LLMs are trained on stolen content. Yes, I know, people argue if it really is stealing, but it is! Just look at the crave around the Studio Ghibli-themed images! The companies behind models admit that their business model would not work if they were not allowed to steal.

This is the “Uber argument”. Uber also claimed that their business model wouldn’t work if they would have to employ (and with that, pay fairly) their drivers. I strongly believe such business models just should not exist.

Using an LLM also seems to turn off our brains. There is something magical having a tool tell you what the odds are. Studies have shown that when an AI tells us something, we just believe it. And even worse, we absorb the biases of whatever model we use! Of course we also absorb the biases of the people around us. But that at least it distributed. If we have 3-4 AI models in the future (which I think is highly likely, as the network effect helps the AI get better. As it helped Google Search get better), then 3-4 companies control our thinking.

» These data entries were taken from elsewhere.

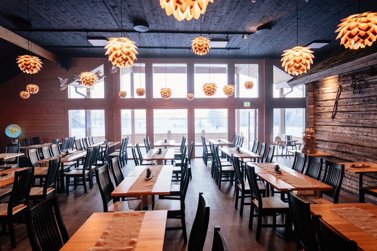 Einrichtungen: Rezeption, Apukka Cafe, Apukka Souvenirshop, Gebäude aus Eis und Schnee auf dem Hotelgelände. Das Apukka Restaurant bietet lokale nordische Küche mit einem gewissen modernen Touch. Im Herzen des Restaurants steht ein riesiger Steinofen, auf welchem Brot und Brötchen direkt frisch gebacken werden und die große Fensterfront bietet einen tollen Blick auf den (gefrorenen) See. Das Abendessen wird in Buffetform serviert.
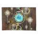 Turquoise lenses with antique watch with brass gears and golden keys on rusty, brown background. Steampunk style.
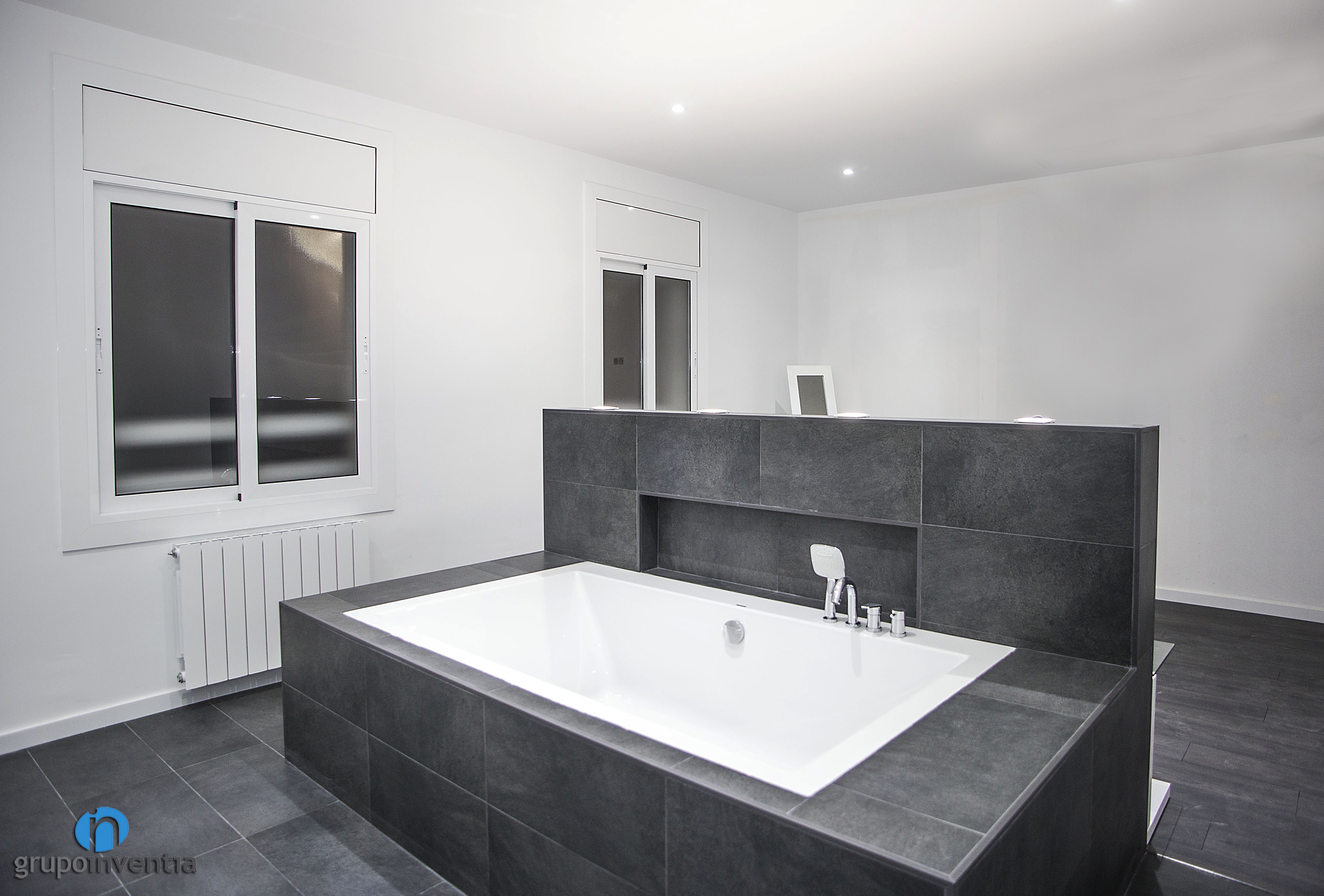 Para ver los elementos de baño, primero debemos ir al dormitorio, ya que detrás de el cabecero de obra que se construyó, se instaló una bañera. Desde la misma estancia se accede al cuarto de baño, que vio mejorado tanto su diseño como su equipamiento sanitario. En éste se instalaron un lavabo con cajonera incorporada, un inodoro y una ducha.

Even if the companies do not try to be biased, bias can sneak in. A famous example is when an AI model was racist. So the creators removed “race” as an input. What did the AI model do? It just ended up using ZIP-codes as a proxy for race. asideI know, shocking!

And I wonder: who will train the LLMs in the future? If more and more internet content is made by LLMs, and then LLMs train on that content, the biases will just repeat and grow stronger. The dead internet theory says ‘Hi’.

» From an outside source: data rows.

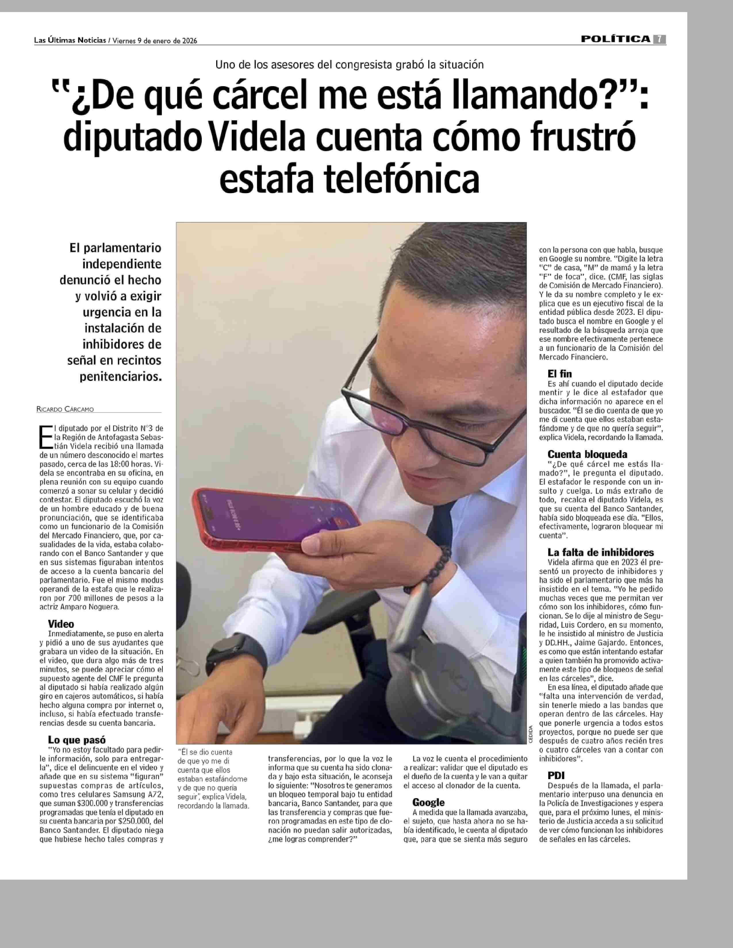 Título: "¿De qué cárcel me está Namando?”: diputado Videla cuenta como frustro estafa telefónica
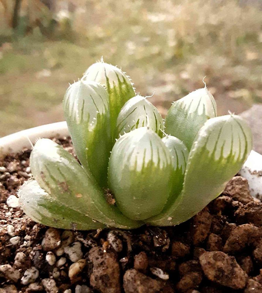ハオルチア ピリフェラです。これは何ヵ月も前にヤフオクで落札したピリフェラの小株が大きくなったものです。大きくなったと言っても4.5cmくらいなんですけどね。今日、いくつかあるハオルチアを株分けし鉢の中の土を新しく入れ換えました。
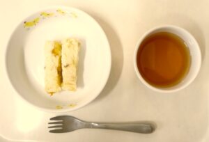 離乳食(後期)午後おやつ:バナナパンケーキ、麦茶

Will an LLM go and take a walk around a lake with a confidential source as investigative journalist do today?

And I haven’t even mentioned the environmental cost of training and running these models.

So…

Should we throw the baby our with the bathwater? No. But we, as a society, need to decide what is OK and what isn’t. Where should we use LLMs? And where should LLMs be forbidden, even if that means accepting inefficiencies?

The problem is: The cat is already out of the bag. Even if “we” (as in, the west) decided to stop, other parts of the world with weaker privacy protections would keep going. Should we just leave the playing field to them? Probably not. But we must find the right way to move forward.

Another Catch-22.

Should you be worried about LLMs? This is for you to decide.

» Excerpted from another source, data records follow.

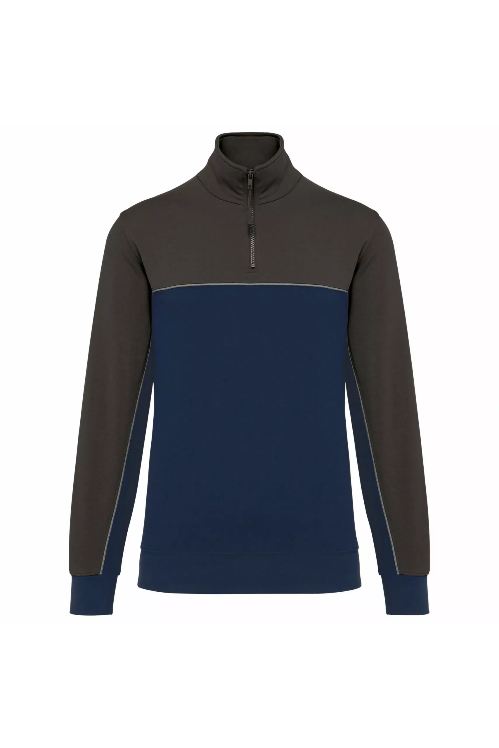 Ce Sweat-shirt écoresponsable a une coupe ajusté. Le col a un zip plastique et tire-zip ton sur ton recyclé.
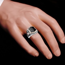 Silver with black stone looks luxurious due to the bright contrast. This jewelry is perfect as an everyday or holiday addition to the image of both men and women.
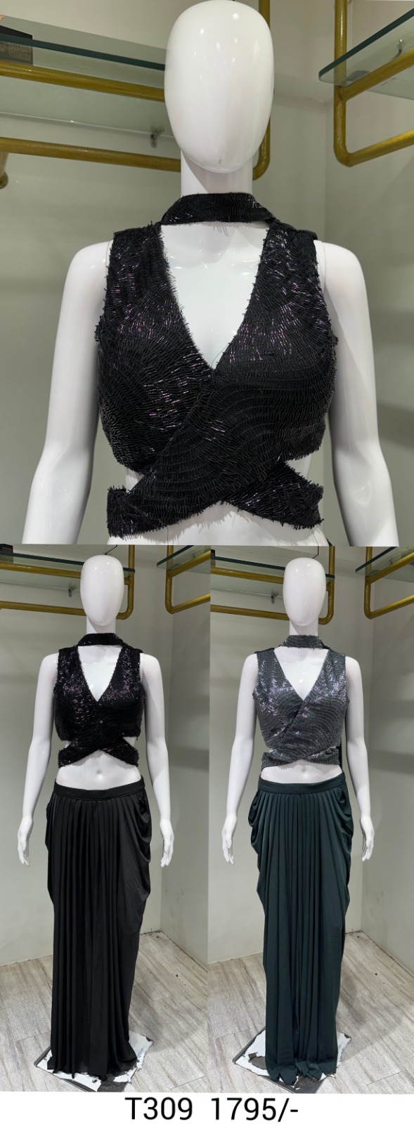 Introducing the T309 Embellished Crop Top with Dhoti Skirt Set, a contemporary and chic ensemble perfect for parties, festive occasions, and special events. This stylish co-ord set features a dazzling sequin-embellished crop top with a unique cut-out design and a high neckline, adding a touch of modern glamour.
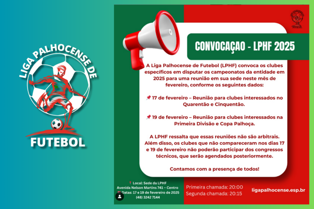 A Liga Palhocense de Futebol (LPHF) convoca os clubes interessados em disputar os campeonatos da entidade em 2025 para uma reunião em sua sede neste mês de fevereiro, conforme os seguintes dados: 📌 17 de fevereiro – Reunião para clubes interessados no Quarentão e Cinquentão.📌 19 de fevereiro – Reunião para clubes interessados na Primeira […]
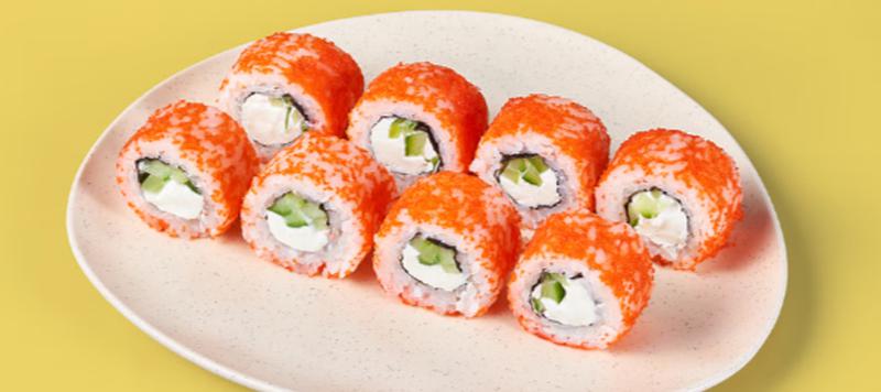 Состав: Сливочный сыр, огурец, оранжевая икра масаго, рис (рис, вода, заправка для риса), нори *Не забудьте заказать имбирь, васаби и соевый соус. Они не входят в стоимость заказа.

Me? I am not. At least not for my livelyhood. There will always be a space for people who are willing to go the extra mile, to deeply understand things. But I do worry what this means for society. And I am not so sure that in the future we will look back and agree that this was a positive development. But we will all use LLMs. Because we have to.

And if everything goes wrong, I’ll just spend my days cleaning up AI-slop code. For a ridiculous daily fee.